If I am going any place in the night,
I can walk along the road,
and if anybody died in a house,
and I pass that house out in the country,
and I want to see whoever it was that died,
I can spit on the ground in front of me,
and hold up my arm, and look under there,
and I can see whoever it is that died.
If you look back, you can
always see them hiding behind you.
I have to look under my left arm,
if I want see them before they scare me."

"Voodoo" woman". Sumter, South Carolina

AUTHOR'S NOTE

Many African-Americans still possessed the "gifts of the
"Voodoo" Spirits" in-spite of harsh laws prohibiting them from
publicly honoring them as was done in Haiti.
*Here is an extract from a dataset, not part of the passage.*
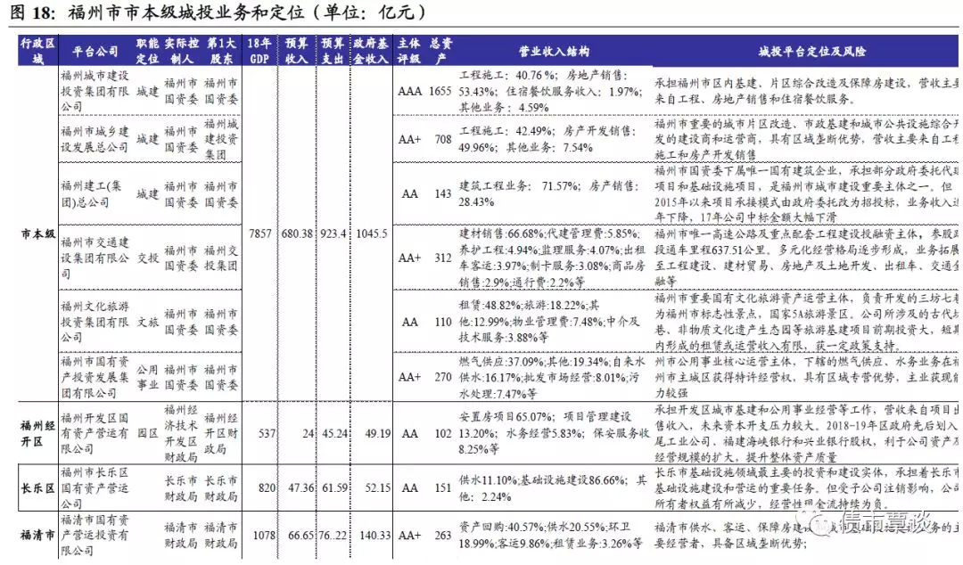 福州经济技术开发区:中国首批14个国家级经济技术开发区之一,16年成为首个涵盖国家级新区、自由贸易试验区、海上丝绸之路核心区、两岸经济合作示范区及国家级开发区的“五区叠加”重点区域,18年GDP为537亿,增长8%,工业固定资产投资增长48.1%,一般预算收入24亿,预算支出45.24亿,政府性基金收入49.19亿,增长16.1%,政府债务余额为78.94亿。区内唯一核心平台是福州开发区国有资产营运有限公司,承担开发区城市基础设施建设和公用事业经营等工作,营收主要来自项目出售收入,截止18年末在建工程总投资75.58亿,尚需投资40.51亿,存在较大资金支出压力。2018-19年,区政府先后划入马尾工业公司、福建海峡银行和兴业银行股权,利于公司资产及经营规模的扩大,提升整体资产质量。已用银行授信3.97亿,无未用额度。
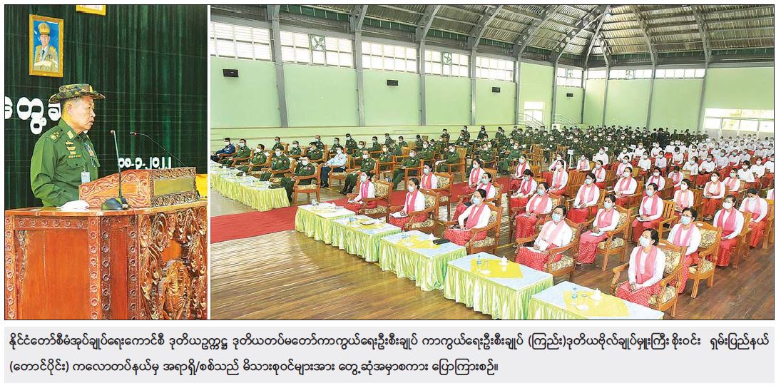 တစ်ဖက်တွင်လည်း တပ်မတော်ပြိုကွဲစေရန် နည်းမျိုးစုံအသုံးပြု၍ လုပ်ဆောင်လာပြီး တပ်မတော်အတွင်း ပြဿနာအမျိုးမျိုးချိုးဖောက်ကျူးလွန်ကာ အရေးယူခံရမည်ကို ကြောက်ရွံ့၍ စစ်ပြေးမှုကျူးလွန်သူ အရာရှိ၊ စစ်သည်များကို ဒီမိုကရေစီ သူရဲကောင်းအဖြစ် မြှောက်ပင့်၍ မီဒီယာနည်းလမ်းဖြင့် တပ်မတော်အတွင်း စည်းလုံးညီညွတ်မှု ပြိုကွဲနေသည့် အခြေအနေ၊ စစ်ဆင်ရေးရှုံးနိမ့်နေသည့် အခြေအနေ စသည်ဖြင့် တပ်မတော်ပြိုကွဲရေး စည်းလုံး ညီညွတ်မှု ပြိုကွဲရေးကို ဦးတည်လျက် ဝါဒဖြန့်မှုများ လုပ်ဆောင်လျက်ရှိကြောင်း၊ ၎င်းအပြင် အကြမ်းဖက်အဖွဲ့များအနေဖြင့် နယ်မြေအလိုက် ပြည်သူလူထု၏ အသက်အိုးအိမ်စည်းစိမ်ကို ကာကွယ်စောင့်ရှောက်ရန် လုံခြုံရေး တာဝန်ထမ်းဆောင်နေသည့် လုံခြုံရေးတပ်ဖွဲ့ဝင်များကို အလစ်အငိုက် ချောင်းမြောင်းတိုက်ခိုက်၍ စစ်ရေးအရ ဖိအားပေးခြိမ်းခြောက်ရန် ကြိုးစားလာ ကြောင်း၊ ၎င်းတို့၏ အဓိကရည်ရွယ်ချက်သည် တပ်မတော်ပြိုကွဲရေးပင်ဖြစ်ကြောင်း၊ ထိုကဲ့သို့ အကြမ်းဖက်သူများ၏ သွေးခွဲမှုများ ရှိစေကာမူ တပ်မတော်အနေဖြင့် တပ်တွင်းစည်းလုံး ညီညွတ်မှုမှာ ခိုင်မြဲလျက်ရှိပြီး “ဘယ်သူ ခွဲခွဲဒို့မကွဲ အမြဲစည်းလုံး မည်”ဟူသော ဆောင်ပုဒ်နှင့် အညီ ကျစ်လစ်သော စည်းလုံးညီညွတ်မှုဖြင့် ရပ်တည်လျက်ရှိကြောင်း၊ အူမတောင့်မှ သီလစောင့်မည်ဖြစ်ရာ တပ်မတော်သားများနှင့် မိသား စုဝင်များ၏ စားရေး၊ နေရေး၊ ဝတ်ရေး၊ သွားလာရေး၊ ကျန်းမားရေး၊ ပညာရေးတို့ အဆင်ပြေ ချောမွေ့စေရန် တာဝန်ရှိသူ အဆင့်ဆင့် အနေဖြင့် ဝတ္တရားအရ၊ တာဝန်အရ ကြိုးစားဖြည့်ဆည်း ဆောင်ရွက်ပေးရန်လိုကြောင်း၊ ထိုသို့ ဆောင်ရွက်ခြင်းဖြင့် တပ်မတော်သားများအနေဖြင့် လုပ်ငန်းတာဝန်ကို စိတ်လက်အေးချမ်းစွာ ဖြင့် နိုင်ငံ့အရေးကို အပြည့်အဝ အကောင်အထည်ဖော် ထမ်းဆောင်နိုင်မည်ဖြစ်ကြောင်း။

As a result, an aggressive  campaign was implemented to do away with African traditional religious practices once and for all. Heavy fines were often levied. Brutal forms of torture, severe beatings and even death was imposed on anyone caught practicing any from of the religion. Stringent laws were passed to prevent the Africans from speaking any African languages, building shrines, making ritual drums, or any musical instruments. Vodoun shrines erected in Black established townships were frequently raided by police. Family members and neighbors were encouraged to "report" one another if caught practicing any form of the religion.

 

 

 

 

 

 

 

 

 

It is important to note that these aggressive tactics to destroy the religions of Africa did not begin in America. They are a continuation of centuries of religious persecution and suppression led by the Roman papal, in order to mask their historical usurpation of African matriarchal theology, ritual, and sacerdotal authority, and the Afro-Chaldean mystical sun-priests and diviners prestige. It was their temples that dominated all the ancient world, including in ancient Greece and Rome.

In America, these draconian laws (which continued unabated until well after Reconstruction), included prohibitions against organizing in public; and any other method by which the slave owners suspected they might be "working " their magic.

Many priests and priestess' were murdered, some escaped up North, and nearly all who refused to [later] "convert" to Christianity and could not escape, suffered intense spiritual alienation and anguish due to the neglect of their Ancestors and gods. Thousands resisted and continued their practices underground. Forcing a once historically open and proud religio-culural tradition to develop the underserved reputation of being "dark, and sinister" in the West.

These medieval, and unconstitutional laws were so successful, that in less than one generation, the many priests and priestesses who were not murdered, were forced to practice underground, and the new generations of enslaved Afro-Diaspora had developed a learned afro-hagiophobia: a pathological fear and irrational intimidation of African spiritual and esoteric science, ancestral veneration, and its ritual and cultural expressions. The simplest spirit manifestations that were once understood in their cosmological context, now "spooked" the newly conditioned generations of African-Americans.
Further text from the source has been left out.